I was the Christian who would have soul-thrilling devotions in the
morning, reading passages in depth, unearthing golden nuggets from the Bible, and then live as if those precious minutes had never existed.
For years, I had this incredible disconnect between the God
of my quiet time and the God of my daily moments. As a teen, I’d blow up when things didn’t go my way. As a college student, I’d become
frazzled when my schedule was interrupted. As a Christian school teacher, I loathed intrusions into my
perfectly plotted lesson plans. As
a wife, I inwardly rebelled at my husband’s requests when I was in the middle
of another project. And as a
church member, I fretted about others’ problems or well-acclaimed positions.
But none of this is Christ’s way. Every shred of worry is to be discarded as the waste it is
and cast in the heap of rubbish at His feet. Every bit of vainglory is to be left at the dunghill where
it belongs. Every tiny fragment of
self-pity is to be destroyed.
Internal strife and every other work of the flesh must be traded for the
beautiful, freeing life in Christ.
But since God is the God of the present tense, my journey is
continually ongoing. It never
ceases. I have never arrived. I
have moment-by-moment tradeoffs that must be made, thinking that must be
changed, and decisions that must be immediately embraced.

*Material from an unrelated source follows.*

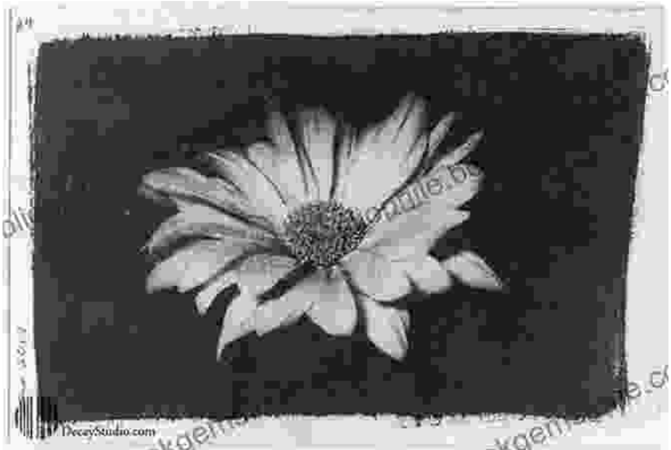
Gum bichromate print of a flower

Gum bichromate is a photographic printing process that uses a mixture of gum arabic, potassium bichromate, and pigment to create a print. The process involves coating paper with the photosensitive mixture, exposing it to ultraviolet light through a negative or the direct placement of objects, and then developing the print in water. This process allows for a wide range of tonal and color variations, resulting in unique and expressive images.

Someone today got a thing for which I had been hoping. I felt a twinge of jealousy. I heard, “Let nothing be done
through…vainglory,” and I yielded.
The tradeoff was beautiful, because the strength of Christ filled me
with joy. Yesterday I found myself
overly sensitive to my husband’s remarks.

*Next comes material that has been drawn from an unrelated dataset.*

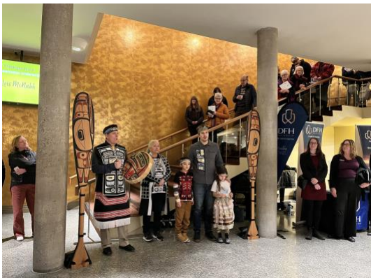
Dancers of Damelahamid lead traditional welcome in McPherson Playhouse lobby, Jan. 24, 2025.

I began to protest but inwardly heard, “Let all bitterness. . . be put away
from you.” I immediately confessed
my sin and began rejoicing.
The world is a beautiful place when Christ fills you with
His joy. But the cost is
yieldedness, surrender, obedience. This is not a high price when you get Him, the God of the
present tense, instead.
Christianity is not pithy remarks. It’s not a chock-full devotional book brimming with
truth. It’s a vitally
transformative relationship that changes you, so that you live, not on
a self-constructed spiritual elevation, but in constant fellowship with the God
of the Present Tense. People
around you just know you’re a happy person. They know you as flexible with whatever curve balls life throws your way. That’s because the Prince of Peace
reigns on the inside. He really is
your “I Am,” the God of your present tense.